Latency usually occurs due to the distance between users and key network elements, including the internet or a privately managed wide-area network (WAN) and the user’s internal local-area network (LAN).
For example, as the user takes an action on their device, perhaps shopping for an item in an online store and buying it, several steps must happen before they see their request answered.

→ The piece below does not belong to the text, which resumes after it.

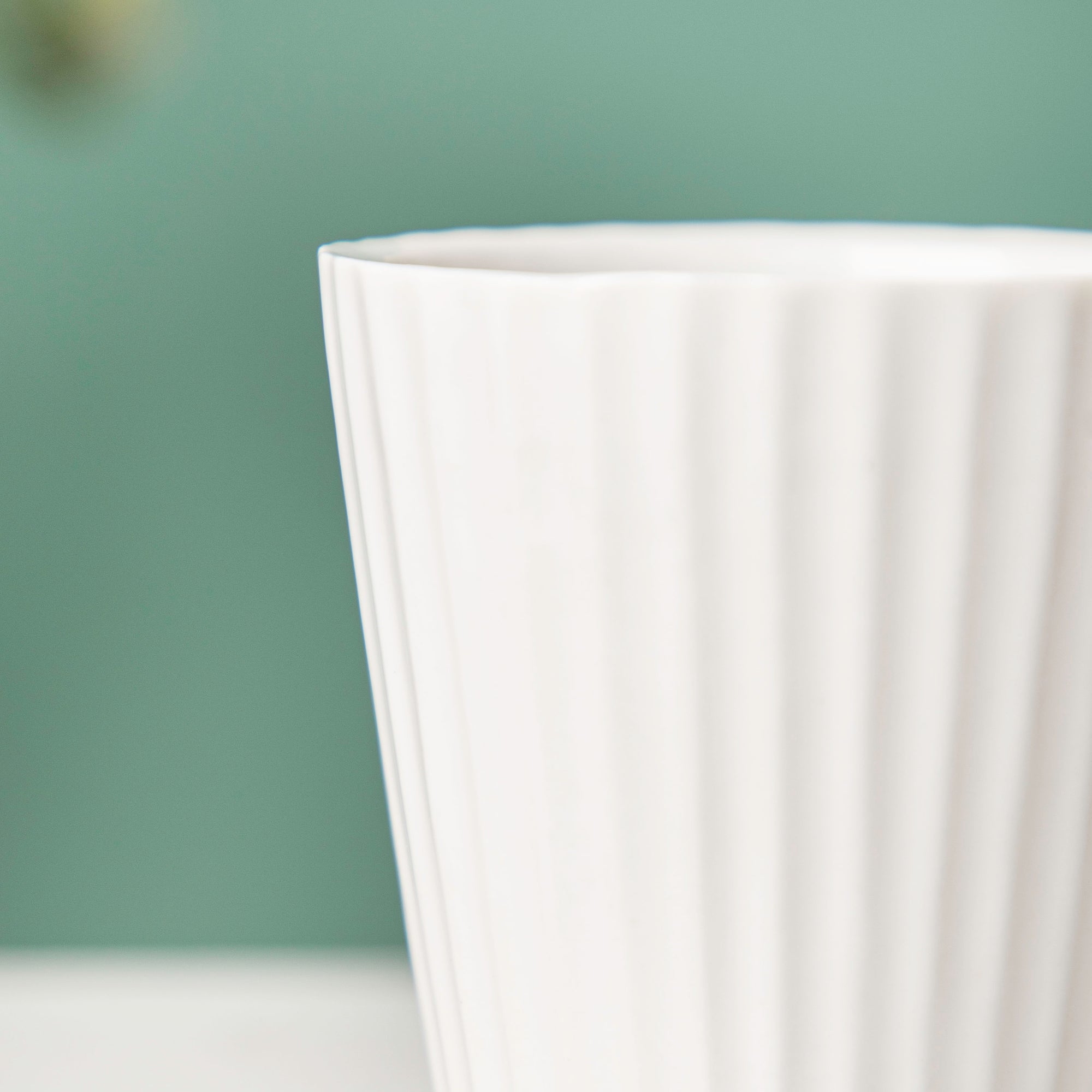 These ceramic planters are delicately fashioned with ribbed textures, giving the space an urban and minimalistic vibe. Enjoy the planter's matte surface and pure ceramic construction for a refined look. The planter not only provides a sense of tranquility, but also attracts positivity, harmony, and serenity.
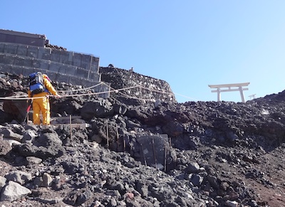 6:45出発。ここからが本当に苦しいのはわかりきっているし、ゆっくりでも進んでいれさえすれば必ず登頂できます。八合目付近と違って登山道は緩やかです。息を切らさないように丁寧に登っていると、前の方にゆっくり進む年配のご夫婦がいたので、後をついていく形で無事鳥居をくぐりました。

The user adds the item to their cart and the browser sends a request to the site’s servers that stores the data; this demands a certain amount of time, which depends on how much information is transmitted. The site server receives the request, and the first part of the latency cycle is complete.
The server then accepts or rejects the request and processes the data, each step also taking a certain amount of time, depending on the amount of data and the server’s capabilities. The site server replies with the necessary purchasing information to the user, and the user’s browser receives the request, and the product enters the cart, completing the latency cycle.
The total latency resulting from the request is the total of all the increments of time, from when the user first clicks on the “add” button to when they see it in the cart.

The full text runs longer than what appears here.